Forecast for the Week: The economic calendar heats up, with news on retail sales, manufacturing, inflation and more. View: Maintaining a budget is especially important in today’s economic environment. Share these easy-to-follow tips with your clients, colleagues, and family members. |
Last Week in Review |
Slow and steady wins the race. That may be true for certain Olympic events, but when it comes to our economy slowing seems to be the operative word of late. Read on for details and what they mean for home loan rates.

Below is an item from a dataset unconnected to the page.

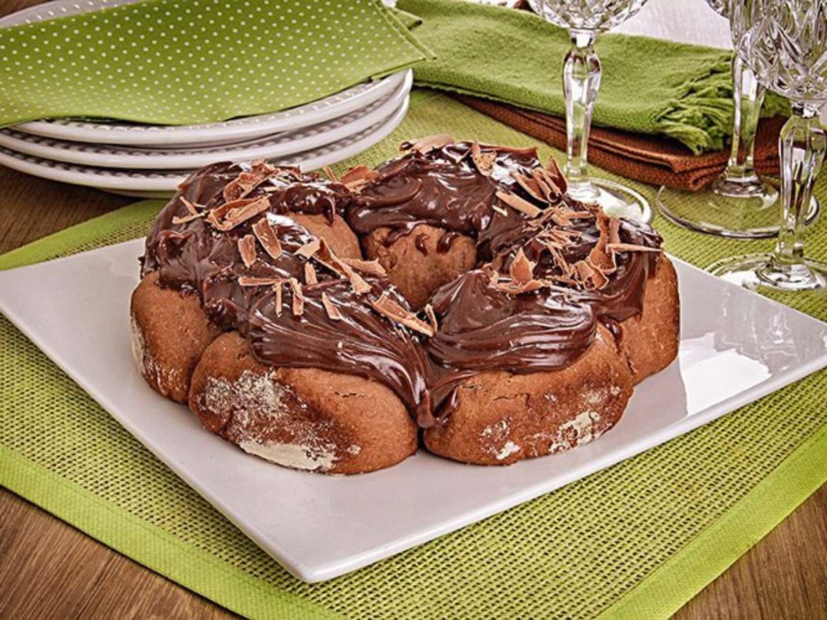 Em uma tigela, misture o fermento, o açúcar e o leite morno até dissolver. Adicione o óleo, o chocolate em pó, os ovos, o sal e misture. Junte a farinha, aos poucos, até formar uma massa que desgrude das mãos. Se necessário, acrescente mais farinha. Cubra e deixe descansar por 1 hora. Modele bolinhas e coloque em uma fôrma redonda untada e enfarinhada, uma ao lado da outra, deixando pouco espaço entre elas. Leve ao forno médio (180º C), preaquecido, por 30 minutos ou até dourar levemente. Retire e deixe esfriar. Para a cobertura, em uma panela, em fogo médio, cozinhe o leite condensado, a manteiga e o chocolate em pó, mexendo até desgrudar levemente do fundo da panela. Junte o creme de leite, misture e deixe esfriar. Cubra o pão com o brigadeiro e polvilhe com raspas de chocolate. Sirva.
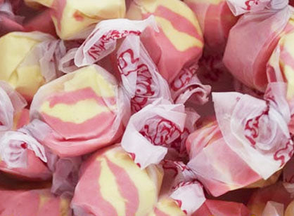 Strawberry banana salt water taffy will wash your taste buds with waves of sweet flavor! Salt water taffy has been a favorite among travelers ever since it was created in 1883.For over a century, families have been buying boxes of salt water taffy as souvenirs for loved ones back home. Now you can enjoy the chewy taste of classic salt water taffy without an expensive beach vacation! No matter how far inland you may be, our taffy is ready to ship right to your location!Many flavors are available, but our strawberry banana is definitely a must-try for fruit lovers. Enjoy the juicy sensation of fresh picked strawberries blended with the exotic taste of ripe bananas. The best part is that this fruit candy never over ripens! Keep it in your pantry or cupboard to satisfy unexpected cravings or buy our single flavor bulk salt water taffy for special events like weddings, parties and picnics!

Last week there was more evidence of a slowing U.S. economy, as the National Federation of Independent Businesses stated that its small business optimism index saw its largest one-month drop in two years, falling 3 points to 91.4. The 91.4 number is the lowest level since October. Consumer Sentiment for July also came in at its lowest level this year. Recession talk has grown in recent days, and some very well respected economists and thinkers believe we are either in a recession already or about to enter one. It is very tough to argue with this notion as the labor market and manufacturing numbers have rolled over in recent months, with those trends likely to continue lower in the face of so much uncertainty here and abroad. In addition, corporate earnings are starting to come out and companies are reporting numbers below already lowered guidance and citing uncertainty into the future. So what does all of this mean for home loan rates? Recessions are deflationary (i.e. consumer prices moving lower) and deflation is good for Bonds as the fixed interest payment to the end investor goes further if consumer prices are moving lower. This means deflation is also good for home loan rates, as rates are tied to Mortgage Bonds. If the economic data continues to be weak, the Fed will likely do another round of Bond buying, known as Quantitative Easing or QE3 – and in fact, the Fed Minutes for the June Meeting showed that a couple members had an appetite for more easing, but there was no consensus. Remember that additional hints of QE3 could initially push Stock prices higher, shifting cash out of the Bond trade and hurting home loan rates in the process. I will continue to monitor this situation closely. The bottom line is that now continues to be a great time to purchase or refinance a home, as home loan rates continue to reach historic lows. Let me know if I can answer any questions at all for you or your clients. |
Forecast for the Week |
The economic calendar heats up this week. Couple that with the heart of earnings season and you have a recipe that could easily move markets.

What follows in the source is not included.